State v. Froland

874 A.2d 568, 378 N.J. Super. 20
CourtNew Jersey Superior Court Appellate Division
DecidedJune 3, 2005
StatusPublished
Cited by3 cases

This text of 874 A.2d 568 (State v. Froland) is published on Counsel Stack Legal Research, covering New Jersey Superior Court Appellate Division primary law. Counsel Stack provides free access to over 12 million legal documents including statutes, case law, regulations, and constitutions.

Bluebook
State v. Froland, 874 A.2d 568, 378 N.J. Super. 20 (N.J. Ct. App. 2005).

Opinion

874 A.2d 568 (2005)
378 N.J. Super. 20

STATE of New Jersey, Plaintiff-Respondent,
v.
Stacey FROLAND a/k/a Stacey Kindt, Defendant-Appellant.
State of New Jersey, Plaintiff-Appellant,
v.
John Kindt, Jr., Defendant-Respondent.

Superior Court of New Jersey, Appellate Division.

Argued May 4, 2005.
Decided June 3, 2005.

*570 Mark A. Fury, argued the cause for appellant, Stacey Froland Kindt.

Barry J. Serebnick, Assistant Prosecutor, argued the cause for appellant, State of New Jersey (John Kaye, Monmouth County Prosecutor, attorney; Mr. Serebnick, of counsel; Christopher J. Decker, Legal Assistant, on the brief).

Daniel I. Bornstein, Deputy Attorney General, argued the cause for respondent, State of New Jersey (Peter C. Harvey, Attorney General, attorney; Mr. Bornstein, of counsel and on the brief).

Mark S. Guralnick, Cherry Hill, argued the cause for respondent, John Kindt, Jr.

Respondent John Kindt, Jr., filed a pro se brief.

Before Judges BRAITHWAITE, LISA and WINKELSTEIN.

The opinion of the court was delivered by

WINKELSTEIN, J.A.D.

Defendants John Kindt (Kindt) and Stacey Froland Kindt (Froland) are husband and wife. Through a prior marriage, Kindt has two children; he shared custody of the children with their mother, Anne O'Connor (O'Connor), his ex-wife. Kindt and Froland were indicted for, among other offenses, first-degree kidnapping of the children, N.J.S.A. 2C:13-1b(4).

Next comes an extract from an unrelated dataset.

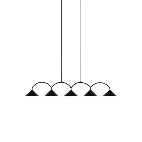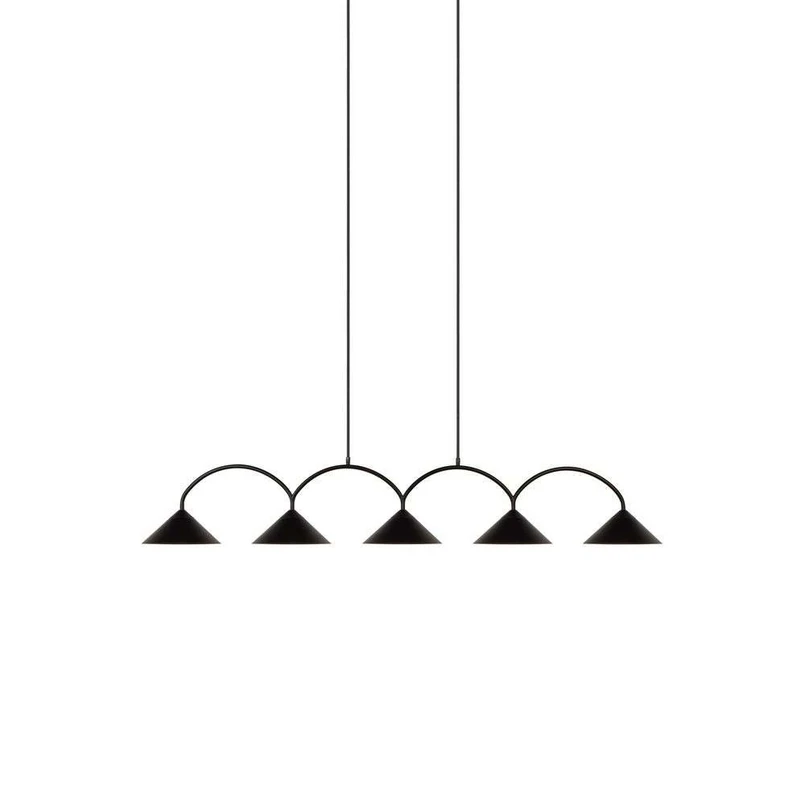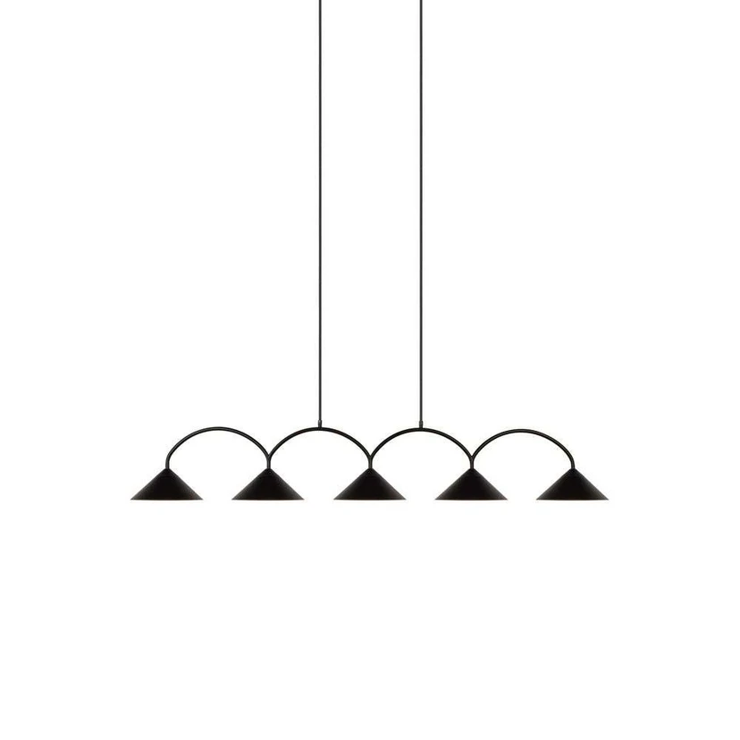 Die Curve 5 Pendelleuchte Light Black wird für ihr stilvolles, geometrisches Design und ihre breite Palette an Beleuchtungsmöglichkeiten geschätzt. Die Leuchte besteht aus mehreren Schirmen, die alle die gleiche breite, hutartige Form haben und über schöne Bögen miteinander verbunden sind, die der Leuchte ihren Namen geben. Die Lampenschirme sind in einer Reihe angeordnet und können so das Licht auf eine große Fläche verteilen, was diese besondere Curve Pendelleuchte zum idealen Beleuchtungsmodell für das Esszimmer oder die Küche macht. Hier eignet sich die Lampe perfekt über dem Esstisch, der Küchentheke, der Kücheninsel oder überall dort, wo praktische Beleuchtung benötigt wird.

*571 The trial court severed Kindt's and Froland's cases.[1] Following a jury trial, Froland was convicted of multiple offenses, including first-degree kidnapping. She claims the kidnapping convictions must be reversed because she had the consent of the children's father, Kindt, to take the children. Her case is before us on direct appeal, where she raises the following points:

POINT I: DEFENDANT IS INNOCENT AS A MATTER OF LAW BECAUSE THE TAKING WAS NOT UNLAWFUL AS DEFINED IN N.J.S.A. 2C:13-1.
POINT II: THE PROSECUTION ABUSED ITS DISCRETION BY OVERCHARGING THE DEFENDANTS IN CONTRAVENTION OF THE SPIRIT OF THE STATUTE.
POINT III: THE PROSECUTOR'S ABUSE OF DISCRETION IS MADE MANIFEST BY THE IMPROPRIETY OF THE APPEARANCE OF HIS INTIMACY WITH A VICTIM.
POINT IV: THE VERDICT OF KIDNAPPING WAS AGAINST THE WEIGHT OF THE EVIDENCE.
POINT V: DEFENDANT'S IMPROPER CHARGE OF KIDNAPPING TAINTED THE JURY'S DELIBERATIONS ON THE CHARGE OF [INTERFERENCE] WITH CHILD CUSTODY.

Kindt's case has not yet gone to trial. He moved before the Law Division to dismiss the kidnapping charges, claiming the kidnapping statute does not apply to a parent with joint custody who abducts his children. On June 4, 2004, the Law Division judge agreed and dismissed the kidnapping charges against him. We granted the State leave to appeal from that order.

The predominant issue in each case is whether a parent with joint custody can be guilty of kidnapping his or her own child. We conclude that the kidnapping statute applies to such a parent. Accordingly, we affirm Froland's kidnapping conviction and reverse the order of the Law Division that dismissed the kidnapping charges against Kindt.

I.

We take the facts as they apply to Kindt from the Grand Jury proceedings of August 13, 2002. To the extent they differ, we take the facts as they apply to Froland from the evidence at her trial.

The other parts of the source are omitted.